As you can see, there is a difference between the "max memory size" of the interactive session and the MATLAB process. However, that should be ok, because MATLAB is getting the limits we desire to see!

So, everything looks good for MATLAB! Right? Then I went ahead and started a Parallel pool in MATLAB:


>> c = parcluster('local');
>> c.NumWorkers = 128;
>> p = c.parpool(128);
Starting parallel pool (parpool) using the 'local' profile ...

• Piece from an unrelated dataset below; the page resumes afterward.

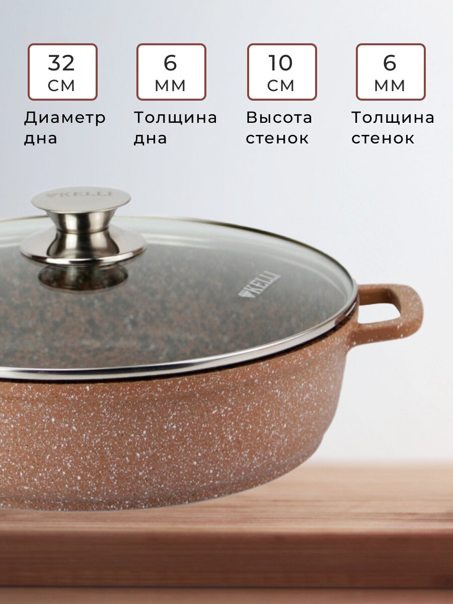 Сковорода-сотейник KELLI KL-4019-32 32 см, 7,0 л, коричневый

Error using parallel.Cluster/parpool (line 88)
Parallel pool failed to start with the following error. For more detailed information, validate the profile 'local' in the Cluster Profile Manager.

Caused by:
    Error using parallel.internal.pool.AbstractInteractiveClient>iThrowWithCause (line 305)
    Failed to initialize the interactive session.
        Error using parallel.internal.pool.AbstractInteractiveClient>iThrowIfBadParallelJobStatus (line 399)
        The interactive communicating job failed with no message.



It crashed again!! Now once I called the "p = c.parpool(128)" I login to the cpu-25-8 as root and tried the "ps aux | grep -i matlab | wc -l". That showed me 128 processes were spawned for MATLAB successfully (It used to be getting crashed around ~90 processes before the changes I made). However, for some other reasons, MATLAB failed again. I'm not sure what else might have caused this. 

Whatever it is, it's tied to Slurm because Parallel MATLAB is still fine outside the Slurm.

I think Damian can help us a bit at this point.

Best Regards,
Misha
Comment 23 Michael Hinton 2022-02-23 14:31:50 MST
Ok, great. At least it is spawning all 128 processes. Sounds like we just need to debug the Slurm-MATLAB integration some more.

Have you ever gotten a similar MATLAB job working in Slurm in the past? In other words, is this a new failure, or has this type of job never worked before?

Can you attach the `interactive` script/command code? I want to see how it is calling salloc.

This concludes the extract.